Just make the things run on some "renewable" fuel like ethanol or RME and that whole carbon thing can be relegated to the sideline. If/when it comes that far it'll probably be more expensive to run these cars but given that the clientele is not that price-conscious that should not be a problem. While it is not really feasible to produce enough ethanol to run the entire ICE fleet it should not be any problem to produce enough for a limited number of "exemption" vehicles. Included in that list can be classic cars, many of which were built to be able to use multiple fuels anyway - e.g. a Model T or Model A Ford can run on ethanol straight from the factory by adjusting the mixture (which is a standard part of operating such a vehicle anyway).

Ethanol has a high octane number and as such is useable for high-compression engines like those in "supercars". Fuel consumption will go up but the clientele does not care about such trivialities. Converting petrol engines to ethanol is a simple task so Ferrari (et al) should not have any problems doing such.

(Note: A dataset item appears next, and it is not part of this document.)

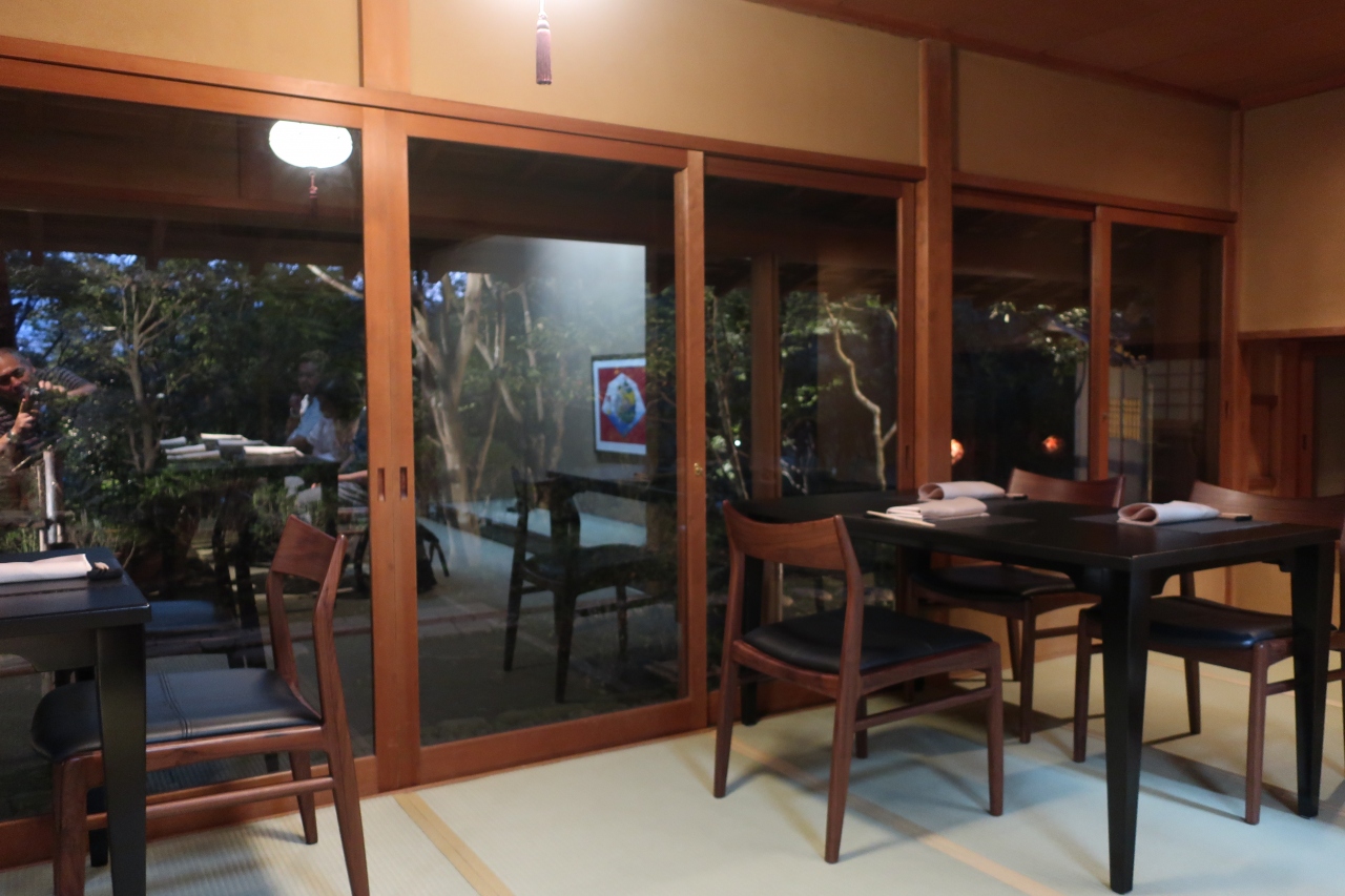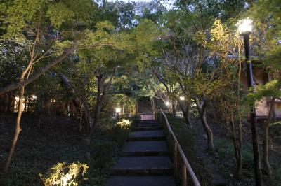 店内からはライトアップされた木々が綺麗で、紅葉時は素晴らしい景色が見られると思います。

That’s funny, because I’m Italian and here the chairman of Ferrari already said that they’ll launch an electric Ferrari by 2025

> “If we bring in new technology, then we need to bring something new to the market. That’s how Ferrari has always worked with new technology. The evolution of new technology is 100% in the DNA of Ferrari.” https://www.autocar.co.uk/car-news/new-cars/ferrari-launch-f...

Same for Lamborghini

> Lamborghini R&D boss Maurizio Reggiani: “If you look at the timing for a fourth model line, there is the potential that this will be the right time for a full-electric vehicle,” https://www.autocar.co.uk/car-news/new-cars/lamborghini-plot...

So I think the Italian politicians are quite dull and short-sighted, as (almost) always.